Martin Raymond Dudley  (born 31 May 1953) is an English author and politician. A former Anglican priest, he served as a City of London common councilman and authored various books about the Christian Church.

Until 31 December 2016, he was incumbent of the combined benefices of St Bartholomew in the City of London, known as the Parish of Great St Bartholomew, having been rector of St Bartholomew the Great since 1995 and priest in charge of St Bartholomew the Less since 2012.

Early life and education

Dudley was born in Birmingham where he attended King Edward’s School. After a year training at the Royal Military Academy Sandhurst, he returned to the Midlands to work for a travel company.

In 1974, Dudley studied theology at King's College London, graduating with Bachelor of Divinity and Master of Theology degrees. He studied for the priesthood at St Michael's College, Llandaff.

Dudley received a PhD from the University of London (King's College, London) in 1994 and pursued further studies in voluntary sector management at the Cass Business School, being awarded a MSc (City University) in 2006.

Ordained ministry
Dudley was ordained as a deacon in 1979 and a priest in 1980 at Llandaff Cathedral. After a curacy in Whitchurch, Cardiff, he became vicar of Weston, Hertfordshire in 1983 before being appointed vicar of Owlsmoor, Berkshire (1988–95), where he oversaw the building of a new parish church. On 9 September 1995, he became Rector of St Bartholomew the Great in the Diocese of London. 

In 2012, he also became priest in charge of St Bartholomew the Less. On 1 June 2015, the two parishes were dissolved and replaced with a united benefice, the Parish of Great St Bartholomew. The parish boundary incorporated precisely the two former parishes. Dudley continued as Rector of the new parish.

On 31 December 2016, Dudley retired from full-time ministry and stepped down as rector of Great St Bartholomew, with plans to become an "active priest who is also an independent scholar and writer".

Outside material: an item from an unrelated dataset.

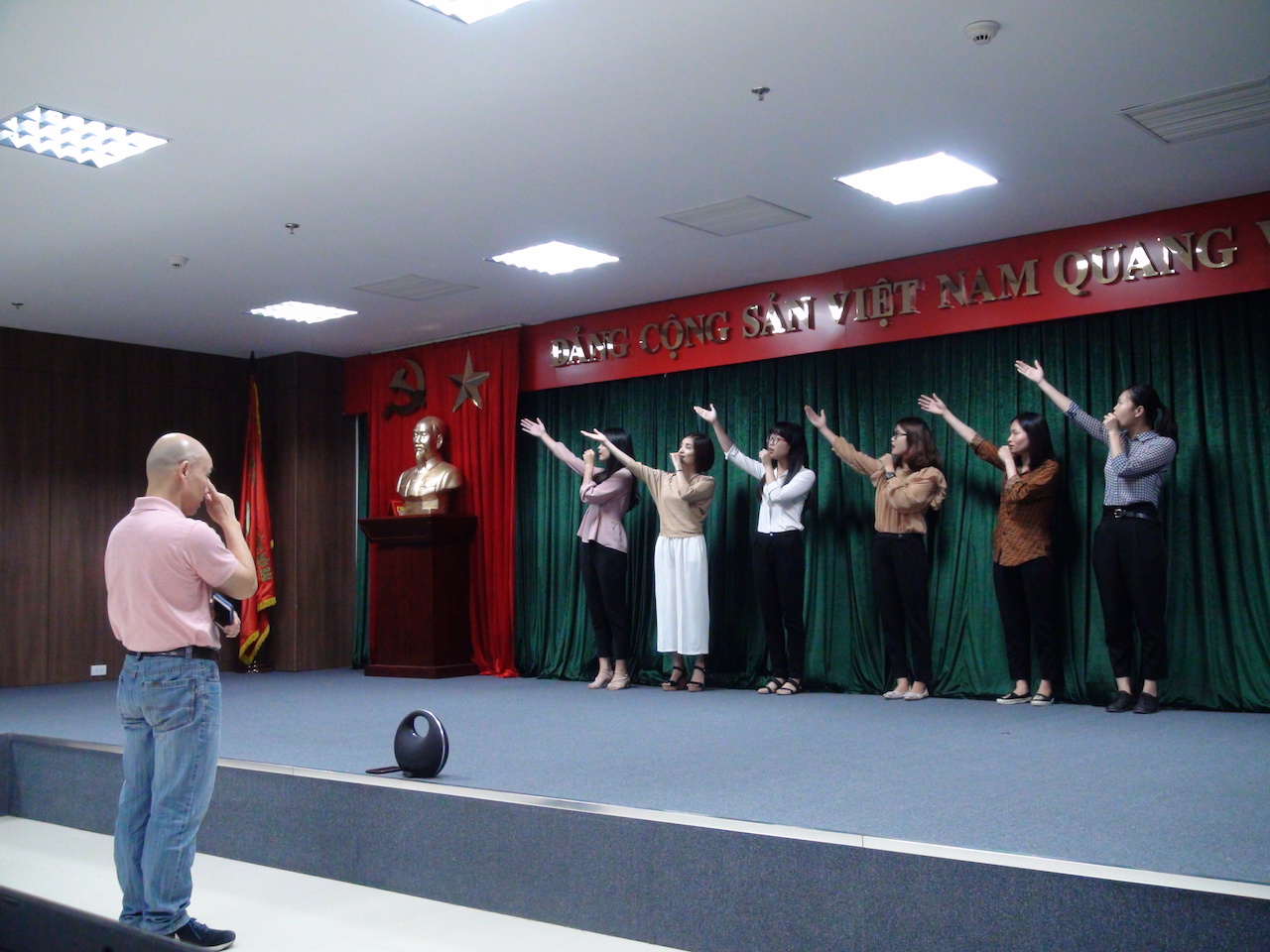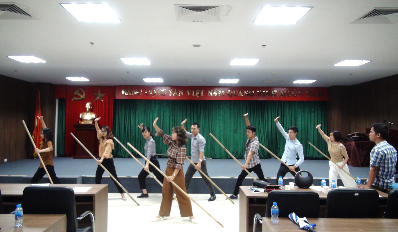 Các thành viên Đội văn nghệ NCS tập luyện cùng huấn luyện viên. (Ảnh: NCS).

Throughout the period of his ministry, he tended very much to the Anglo-Catholic wing of the Church of England.

Civil partnership blessing controversy
Dudley made news in 2008 when he blessed the civil partnership of two Anglican priests, for which he received a public rebuke from Richard Chartres, Bishop of London. In Riazat Butt’s Guardian profile, the late Colin Slee, Dean of Southwark, said that "he [Dudley] is very bright. He is a very consistent person in that he knows his own mind and doesn't mind if everyone else disagrees with him. He is very intelligent and prepared to take a stand for something he believes in, even if it's not going with the mainstream." Dudley justified his actions in an article in the New Statesman magazine.

Orthodoxy
In March 2018, Dudley was received into the Russian Orthodox Church as a layman.

Other work
Dudley was elected to the City Court of Common Council representing Aldersgate Ward in January 2002. He served on various City of London Corporation committees as well as being a governor of the Museum of London and a member of the Trust for London (formerly the City Parochial Foundation). He did not stand for re-election in the 2017 elections. In 1996, Dudley was admitted to the Freedom of the City of London and is a liveryman of the Worshipful Company of Farriers.

Personal life
Dudley married Paula Jones, a chiropodist, in 1976; they have two sons.

Honours
On 23 October 1997, Dudley was elected a Fellow of the Society of Antiquaries of London (FSA). He is also a Fellow of the Royal Historical Society (FRHistS). He is a liveryman of the Worshipful Company of Farriers, an honorary liveryman of the Worshipful Company of Hackney Carriage Drivers and an honorary freeman of the Worshipful Company of Farmers. 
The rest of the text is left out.